Let’s Start With Bags
Without all that much fanfare and amid only perfunctory industry push-back the town boards in East Hampton and Southampton have just set in motion the rapid phase-out of thin plastic shopping bags of the sort used at supermarkets and convenience stores. Though some of these bags are made of compounds that can be readily recycled locally, many end up in the trash almost as soon as they are emptied of their contents.
News accounts put the current value of waste plastic bags at less than $5 a ton, a price at which it is not worth it to deal with these notoriously hard-to-handle items. As such, they are a poster child for waste and rightly the target of bans, like the one that has been in place since 2011 in East Hampton Village, and followed voluntarily elsewhere, notably at Cirillo’s I.G.A. market in Amagansett.
Bag manufacturers, when confronting the bag-ban movement, have repeatedly asserted that it takes as much if not more energy and natural resources to make alternatives, such as paper bags. Independent reactions to this claim vary. But even if it were true, it would be beside the point. Single-use bags are a significant contributor to litter, can harm wildlife, are the second most prevalent form of floating debris in the world’s oceans after cigarette butts, and help swell landfills when disposed on shore. On the plus side, where they are banned it seems that the number of people who take their own reusable shopping bags with them to the markets increase notably — something that we have observed here and that is borne out in studies elsewhere. It is in this regard that bag bans may have the most value.
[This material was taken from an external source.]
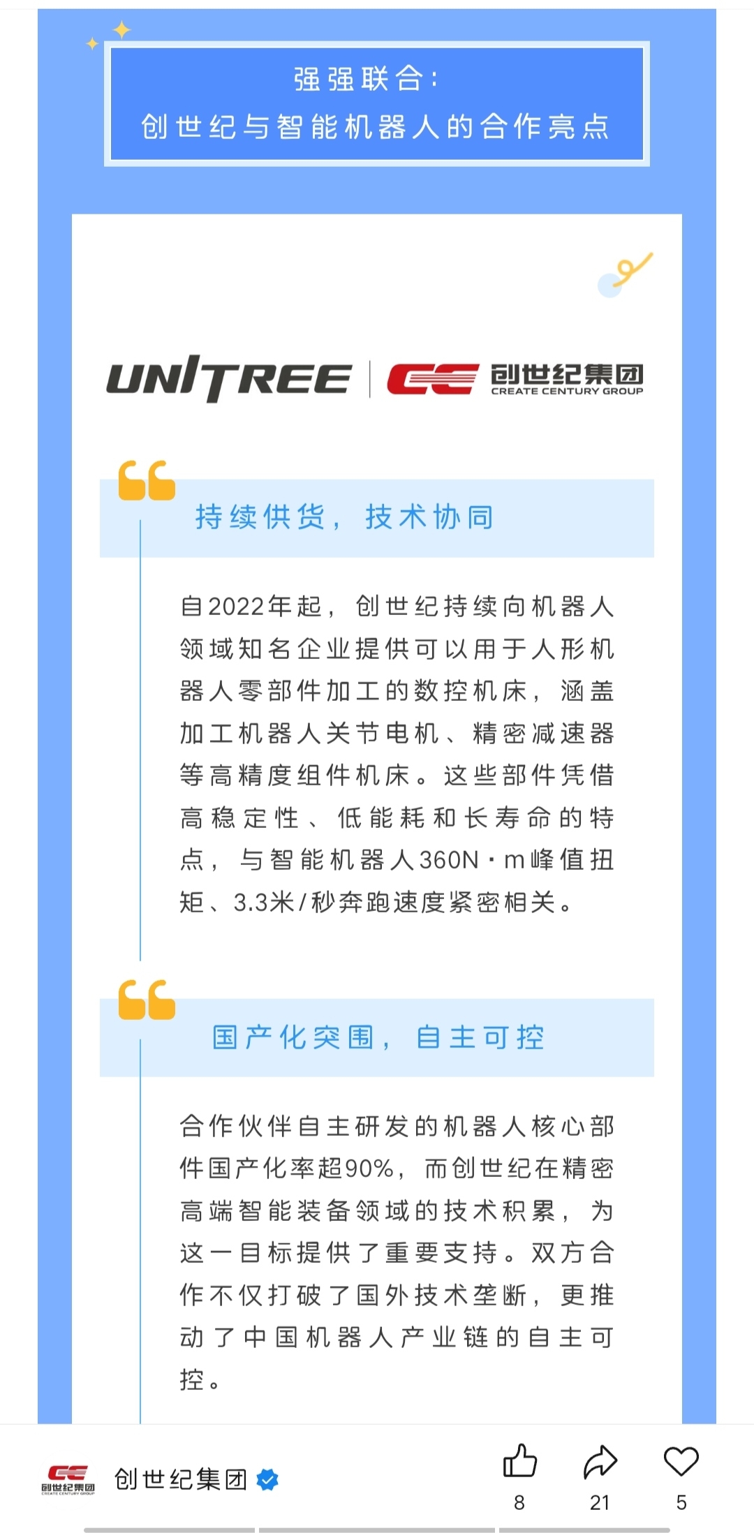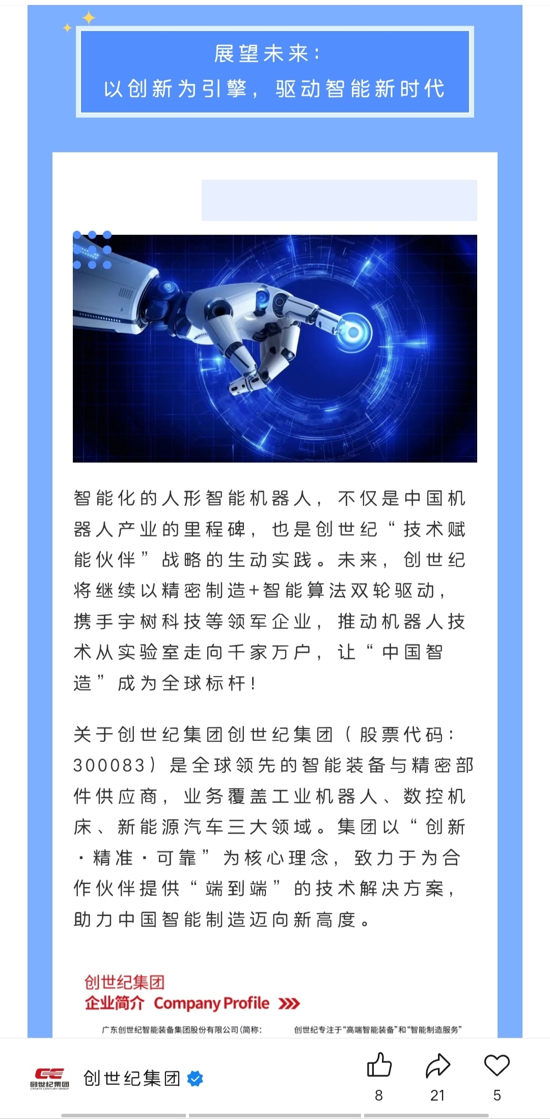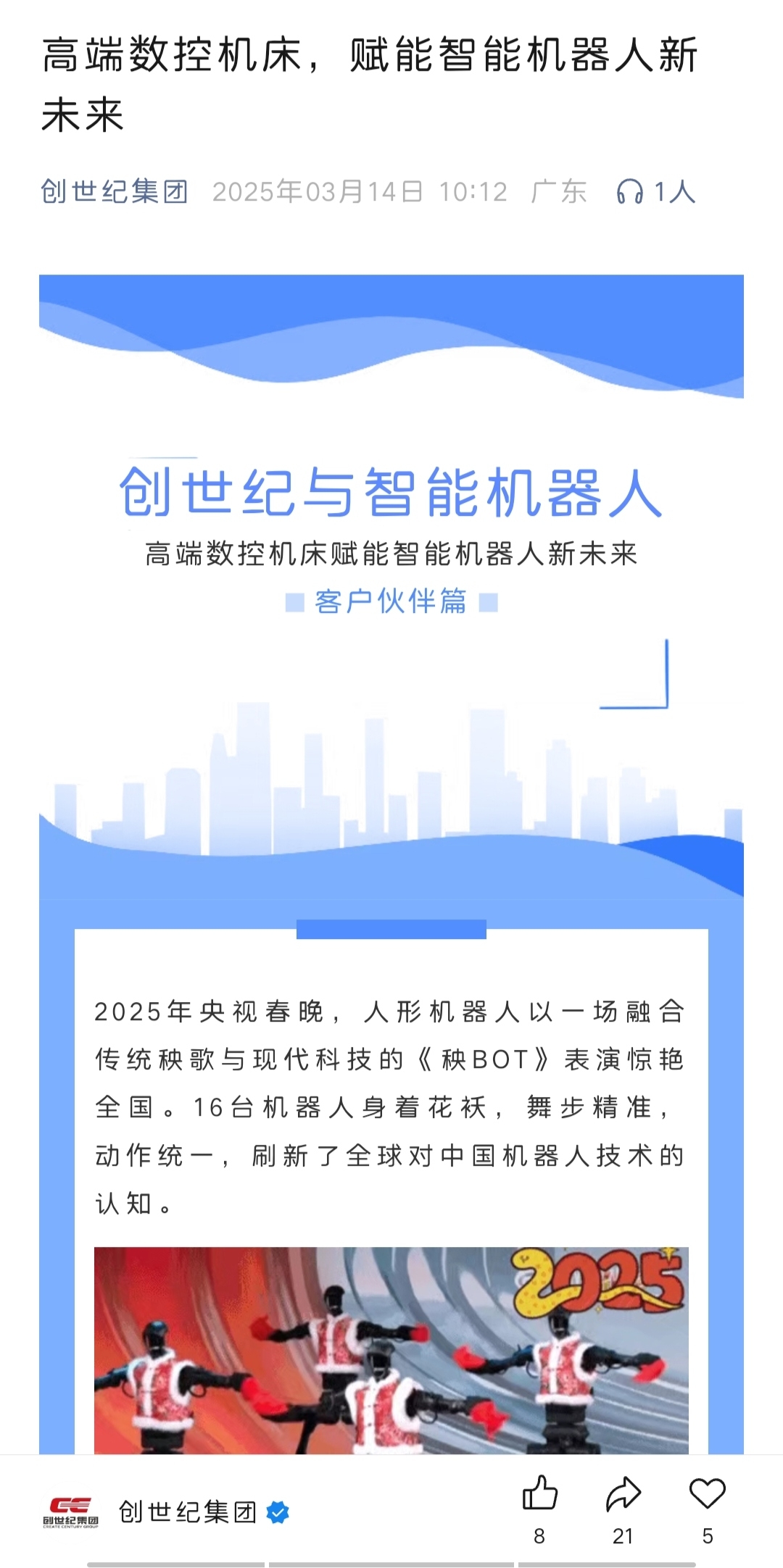 $创世纪(SZ300083)$ 公司还是很有实力的,2025人形机器人量产的话,这些设备都用的上,信息来自创世纪微信公众号。

More than just plastic bags, it seems that we Americans need to look again at our willingness to tolerate the degree of solid waste we produce. Our cultural acceptance of disposable and excessive packaging is what is really at fault, not any single example of what we throw away. It is the reflexive reaction of store clerks who put a sandwich that is about to be eaten into yet another bag. It is the giant shippers such as Amazon that allow small items to leave its warehouses swimming in far-too-big cardboard boxes. It is our unwillingness to walk a short distance to do ordinary errands. It is our failure to build adequate bike lanes on our roads. It is our obsession with too-big houses and oversized cars and the unnecessary energy they consume. If banning plastic bags can get us to think about the rest of it, so much the better.